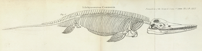 Reconstruction of the skeleton of an ichthyosaur, by W D Conybeare, 1824. From W D Conybeare, "On the Discovery of an almost perfect Skeleton of the Plesiosaurus. Transactions of the Geological Society of London, S2-1 (1824). GSL Library collections.
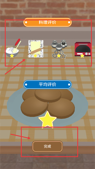 4、看到【料理评价】界面及工具评分后,点击红框内的【完成】按钮,结束本次料理制作流程,确认最终的制作结果。
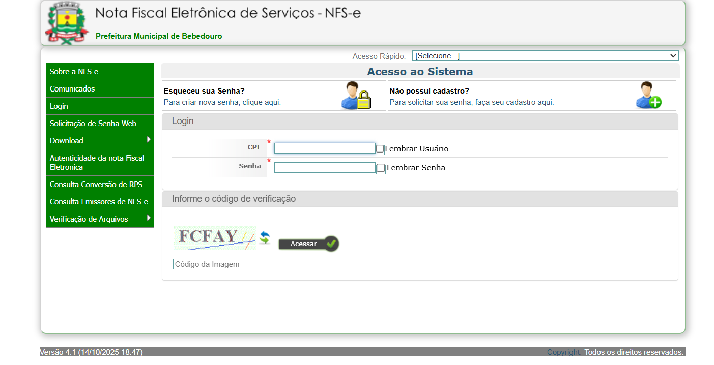 Para efetivar a comunicação da vobi com a prefeitura da sua cidade e assim, emitir sua nota fiscal através da vobi, é necessário preencher os campos Usuário, Senha.

━━━━━━━━━━━━━━━━

WHAT YOU HAVE TO DO: Extract, word for word, every line from the one holding "4、看到【料理评价】界面及工" through the closing line of the data above. Do not include any pictures.

ANSWER TO THIS EXERCISE:
 4、看到【料理评价】界面及工具评分后,点击红框内的【完成】按钮,结束本次料理制作流程,确认最终的制作结果。
 Para efetivar a comunicação da vobi com a prefeitura da sua cidade e assim, emitir sua nota fiscal através da vobi, é necessário preencher os campos Usuário, Senha.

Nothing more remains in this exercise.